In 1771, the celebrated English writer Samuel Johnson visited the remote Hebrides on his historic tour of Scotland – commenting and proselytising as he went. His remarkable journal provides a thorough account of many places on the tour before he reaches, homeward-bound, the Island of Mull; and in particular the small adjoining island of Iona. He makes no apologies in describing a land that ‘was starting to show signs of its loss of innocence’… an arcadia already curling at the edges. ‘A remote and black land with few people and a strange language’… Whether or not his observations were fair, it hardly matters since there are no other accounts of these wild places in the times in which he wrote.

Until about 20 years ago visitors to Mull could probably be forgiven for thinking the same about an ‘arcadia’ and ‘loss of innocence’ as things on the Island would be, to many, much the same as they were in Jacobite times.

Today the Scottish Islands have grown in popularity with visitors to a point where you’d be forgiven for being frustrated at traffic queues, booked-in-advance accommodation, and car parks stuffed with RVs. The last 2 summers [Pandemic 20/21] have furthered the interest from ‘staycationers’ anxious to find pastures new. Mull is no exception, and is, apart from neighbouring Skye, the most accessible.


It takes only 40 minutes or so to reach the Island of Mull from the Scottish mainland via one of the regular ferry services which arrive at either Tobermory, Salen or Craignure. In that time you are transported to another world – literally. A landscape that has endured relative isolation and hardship since the pontifications of commentator Johnson 250 years ago.


A quick glance at the map will show you that Mull’s shape is essentially the same as that of the Euro symbol € – only the other way round. ‘A funny shaped island’. Further inspection will show that the road network is simply made up of 2 circuits which circumnavigate the island with both ‘loops’ meeting at the mid point in a place called Salen.

You would be forgiven for thinking Salen was a place of bright lights and fast food. It’s not. There’s a single fuel pump, chainsaw repair workshop, red letter box, campsite, jetty, and a some BnBs. And warnings about otter movements across the main road.
The map loops are essentially one around the North and the other a circuit around the South.
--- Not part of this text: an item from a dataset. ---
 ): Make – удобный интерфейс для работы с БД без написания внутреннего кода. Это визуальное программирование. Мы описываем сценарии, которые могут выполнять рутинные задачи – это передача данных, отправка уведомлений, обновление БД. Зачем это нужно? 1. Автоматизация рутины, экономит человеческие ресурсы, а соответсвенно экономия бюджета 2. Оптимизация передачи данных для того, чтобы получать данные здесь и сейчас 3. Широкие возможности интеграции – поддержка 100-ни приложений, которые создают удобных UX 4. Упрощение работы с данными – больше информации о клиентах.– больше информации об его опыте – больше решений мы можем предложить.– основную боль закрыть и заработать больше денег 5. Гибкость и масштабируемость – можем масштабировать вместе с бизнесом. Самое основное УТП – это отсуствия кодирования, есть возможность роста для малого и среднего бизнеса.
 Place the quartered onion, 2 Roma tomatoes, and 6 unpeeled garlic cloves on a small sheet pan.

It’s more complicated than that when you add in old drovers routes, tracks to remote farmsteads and the long and winding road out to Iona. Most of the roads are manageable, but it helps to choose the time of day you travel… oncoming traffic can become a challenge. Especially if its a big RV.
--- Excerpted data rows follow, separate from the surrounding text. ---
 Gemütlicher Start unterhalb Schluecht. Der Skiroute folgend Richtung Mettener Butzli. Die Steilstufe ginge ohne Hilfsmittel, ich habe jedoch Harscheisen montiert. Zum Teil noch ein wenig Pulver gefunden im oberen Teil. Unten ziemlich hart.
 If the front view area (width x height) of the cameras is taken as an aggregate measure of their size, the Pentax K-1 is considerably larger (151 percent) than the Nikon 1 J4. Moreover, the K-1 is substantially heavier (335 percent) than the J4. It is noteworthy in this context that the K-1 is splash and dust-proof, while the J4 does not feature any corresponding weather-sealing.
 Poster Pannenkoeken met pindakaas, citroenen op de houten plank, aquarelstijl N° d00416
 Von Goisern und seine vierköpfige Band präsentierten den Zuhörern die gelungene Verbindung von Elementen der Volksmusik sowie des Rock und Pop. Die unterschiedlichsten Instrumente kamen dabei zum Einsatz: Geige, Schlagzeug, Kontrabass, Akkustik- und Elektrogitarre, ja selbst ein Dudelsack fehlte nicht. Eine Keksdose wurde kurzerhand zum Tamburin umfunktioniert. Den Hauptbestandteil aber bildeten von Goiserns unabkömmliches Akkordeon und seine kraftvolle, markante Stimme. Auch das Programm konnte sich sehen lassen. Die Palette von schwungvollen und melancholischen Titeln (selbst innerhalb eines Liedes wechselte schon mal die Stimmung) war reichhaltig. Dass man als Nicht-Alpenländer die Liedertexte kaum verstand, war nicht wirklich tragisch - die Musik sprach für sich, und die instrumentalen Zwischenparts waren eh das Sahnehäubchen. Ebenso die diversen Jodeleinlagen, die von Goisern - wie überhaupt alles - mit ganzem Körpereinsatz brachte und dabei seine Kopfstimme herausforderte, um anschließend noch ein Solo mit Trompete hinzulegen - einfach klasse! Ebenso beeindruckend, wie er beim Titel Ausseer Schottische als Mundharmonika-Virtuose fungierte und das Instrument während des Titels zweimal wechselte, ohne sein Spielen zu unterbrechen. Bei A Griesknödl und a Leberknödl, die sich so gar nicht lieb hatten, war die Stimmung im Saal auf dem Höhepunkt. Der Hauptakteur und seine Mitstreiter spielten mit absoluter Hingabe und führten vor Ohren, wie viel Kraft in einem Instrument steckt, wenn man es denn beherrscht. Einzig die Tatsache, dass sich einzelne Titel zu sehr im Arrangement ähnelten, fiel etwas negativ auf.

In my experience, in my van, I often travel [solo] wearing a high vis jacket, clipboard in windscreen and a few old coffee cups littering the dashboard: that way you pass for a delivery van, and that curries better favour with on-comers and the impatient locals. Somehow you brooch a subliminal Karma allaying the tendency for Road Rage. People love the idea of a package; it brings a joy that shouldn’t be delayed any more than necessary. Believe me it works.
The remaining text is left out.